In metabolomics experiments, spectral fingerprints of metabolites with no known structural identity are detected routinely. Computer-assisted structure elucidation (CASE) has been used to determine the structural identities of unknown compounds. It is generally accepted that a single 1D NMR spectrum or mass spectrum is usually not sufficient to establish the identity of a hitherto unknown compound. When a suite of spectra from 1D and 2D NMR experiments supplemented with a molecular formula are available, the successful elucidation of the chemical structure for candidates with up to 30 heavy atoms has been reported previously by one of the authors. In high-throughput metabolomics, usually 1D NMR or mass spectrometry experiments alone are conducted for rapid analysis of samples. This method subsequently requires that the spectral patterns are analyzed automatically to quickly identify known and unknown structures. In this study, we investigated whether additional existing knowledge, such as the fact that the unknown compound is a natural product, can be used to improve the ranking of the correct structure in the result list after the structure elucidation process.
To identify unknowns using as little spectroscopic information as possible, we implemented an evolutionary algorithm-based CASE mechanism to elucidate candidates in a fully automated fashion, with input of the molecular formula and 13C NMR spectrum of the isolated compound.
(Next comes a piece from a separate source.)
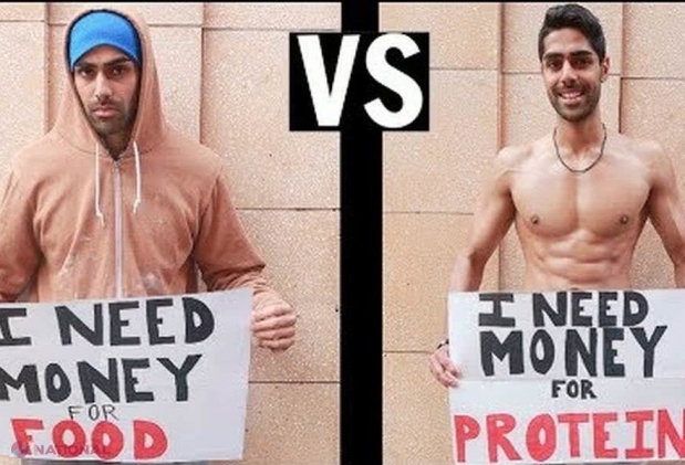 VIDEO EXPERIMENT // A cerut bani pentru mâncare și nu a primit nimic. Apoi și-a arătat „pătrățelele” și a cerut bani pentru proteine: ce a urmat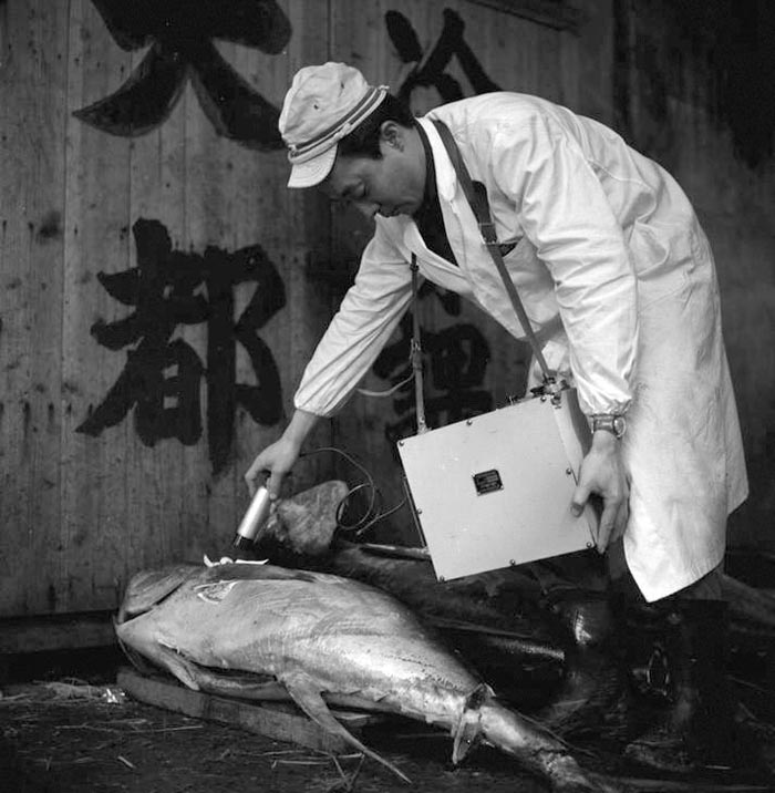 Der Geigerzähler im Fischmarkt von Tokio, Japan (1960)

We also tested how filters like natural product-likeness, a measure that calculates the similarity of the compounds to known natural product space, might enhance the performance and quality of the structure elucidation. The evolutionary algorithm is implemented within the SENECA package for CASE reported previously, and is available for free download under artistic license at http://sourceforge.net/projects/seneca/. The natural product-likeness calculator is incorporated as a plugin within SENECA and is available as a GUI client and command-line executable. Significant improvements in candidate ranking were demonstrated for 41 small test molecules when the CASE system was supplemented by a natural product-likeness filter.
In spectroscopically underdetermined structure elucidation problems, natural product-likeness can contribute to a better ranking of the correct structure in the results list.
在代谢组学实验中,经常会检测到具有未知结构特征的代谢物的光谱指纹。计算机辅助结构解析(CASE)已被用于确定未知化合物的结构特征。人们普遍认为,单一的一维 NMR 谱或质谱通常不足以确定一个未知化合物的身份。当一套来自一维和二维 NMR 实验的谱图以及分子式可用时,作者之一曾报道过成功解析了多达 30 个重原子候选物的化学结构。在高通量代谢组学中,通常仅进行一维 NMR 或质谱实验,以便对样品进行快速分析。这种方法随后需要对光谱模式进行自动分析,以快速识别已知和未知结构。在这项研究中,我们研究了是否可以利用其他现有知识,例如未知化合物是天然产物的事实,来提高结构解析后结果列表中正确结构的排名。
为了尽可能少地使用光谱信息来识别未知物,我们实现了一种基于进化算法的 CASE 机制,以全自动方式对候选物进行解析,输入的是分离化合物的分子式和 13C NMR 谱。我们还测试了像天然产物相似性这样的过滤器如何提高结构解析的性能和质量,这是一种计算化合物与已知天然产物空间相似性的度量。进化算法是在之前报道的 SENECA 包中的 CASE 中实现的,可在 http://sourceforge.net/projects/seneca/ 下以艺术许可证免费下载。天然产物相似性计算器作为 SENECA 的一个插件集成在一起,作为 GUI 客户端和命令行可执行文件提供。当 CASE 系统补充天然产物相似性过滤器时,对 41 个小分子测试分子的候选物排名有显著提高。
在光谱上未充分确定的结构解析问题中,天然产物相似性可以有助于更好地在结果列表中对正确结构进行排名。